Los siguientes síntomas presentados en forma aguda y de manera repentina sugieren que se puede estar sufriendo un ataque cerebral: falta de sensación o debilidad en la cara, el brazo o la pierna, especialmente en un lado del cuerpo; confusión; problemas para hablar o entender; dificultad para ver con o los dos ojos; problemas para caminar, mareo, pérdida de equilibrio o de coordinación y dolor de cabeza muy fuerte sin causa conocida.

“Frente a un ACV hay que poner en marcha la ‘Cadena de la Recuperación’, que consta en llamar en forma urgente al 107 o 911 y anotar la hora exacta en que ocurrieron los síntomas. Si no hay respuesta inmediata, hay que llevar al paciente a la guardia de un hospital o sanatorio que tenga al menos tomografía computada y terapia intensiva”, destacó Previgliano, quien es también profesor de la Cátedra de Neurología CSEMC de la Universidad Maimónides.

Agregó que hay tiempos recomendados que deberían cumplirse para lograr un rendimiento adecuado del equipo médico en el tratamiento del ACV. Estos son:

-La evaluación del paciente por un médico: 10 minutos

– La notificación del equipo de ataque cerebral: 15 minutos

– La iniciación de la tomografía computada (TC) para comprobar el tipo de ACV: 25 minutos

– La interpretación de la TC: 45 minutos

– La iniciación de la droga fibrinolítica para disolver coágulos: 60 minutos

– La llegada a la cama con monitor en una Unidad de Terapia Intensiva: 3 horas

Previgliano indicó que existen factores que previenen la aparición del ACV, como la dieta mediterránea; la ingesta de alimentos ricos en ácido fólico, vitamina C y betacarotenos; el consumo moderado de vino tinto; realizar ejercicio físico e intelectual; controlar la hipertensión arterial y el síndrome metabólico (diabetes y colesterol); combatir la obesidad; chequear si se tienen arritmias cardíacas, en especial fibrilación auricular; dejar de fumar; tomar aspirina si el riesgo vascular es importante (siempre y cuando no hayan complicaciones previas) y un adecuado manejo del estrés.

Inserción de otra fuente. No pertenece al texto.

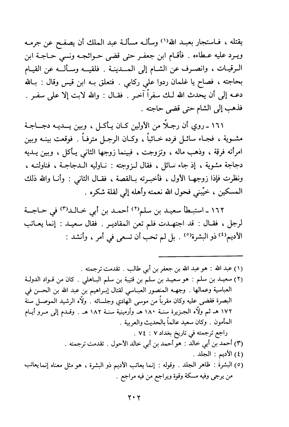 162- استبطأ سعيد بن سلم «2» أحمد بن أبي خالد «3» في حاجة لرجل، فقال: قد اجتهدت فلم تعن المقادير. فقال سعيد: إنما يعاتب الأديم «4» ذو البشرة «5» . بل لم تحب أن تسعى في أمر، وأنشد:

En cuanto a la recuperación, el médico indicó que el ACV no afecta a todas las partes del cerebro de igual manera, por lo que este período dependerá del área que fue afectada. “Cada persona tiene necesidad de tratamientos diferentes. Los problemas de movilidad, para pensar y hablar, con frecuencia mejoran en las primeras semanas o meses después del ACV. Algunos pacientes continuarán mejorando en los meses o años después de dicho evento”, detallo.

Previgliano detalló que casi siempre quedan secuelas en estos eventos, “pero si el paciente es tratado dentro de las primeras 4 horas 30 minutos existe la posibilidad de revertir las secuelas en más del 30% de los casos” A su vez, “los individuos que son tratados en una Unidad de Ataque Cerebral, tienen un 30% más de posibilidades de recuperación que los tratados en una sala de clínica general”, agregó.

Pero un ACV puede ser mortal  si la obstrucción o hemorragia afecta a una gran parte del cerebro o a centros vitales, como el de la respiración. En el caso de los no fatales, recién se pueden evaluar qué secuelas quedarán aproximadamente después de un año del incidente.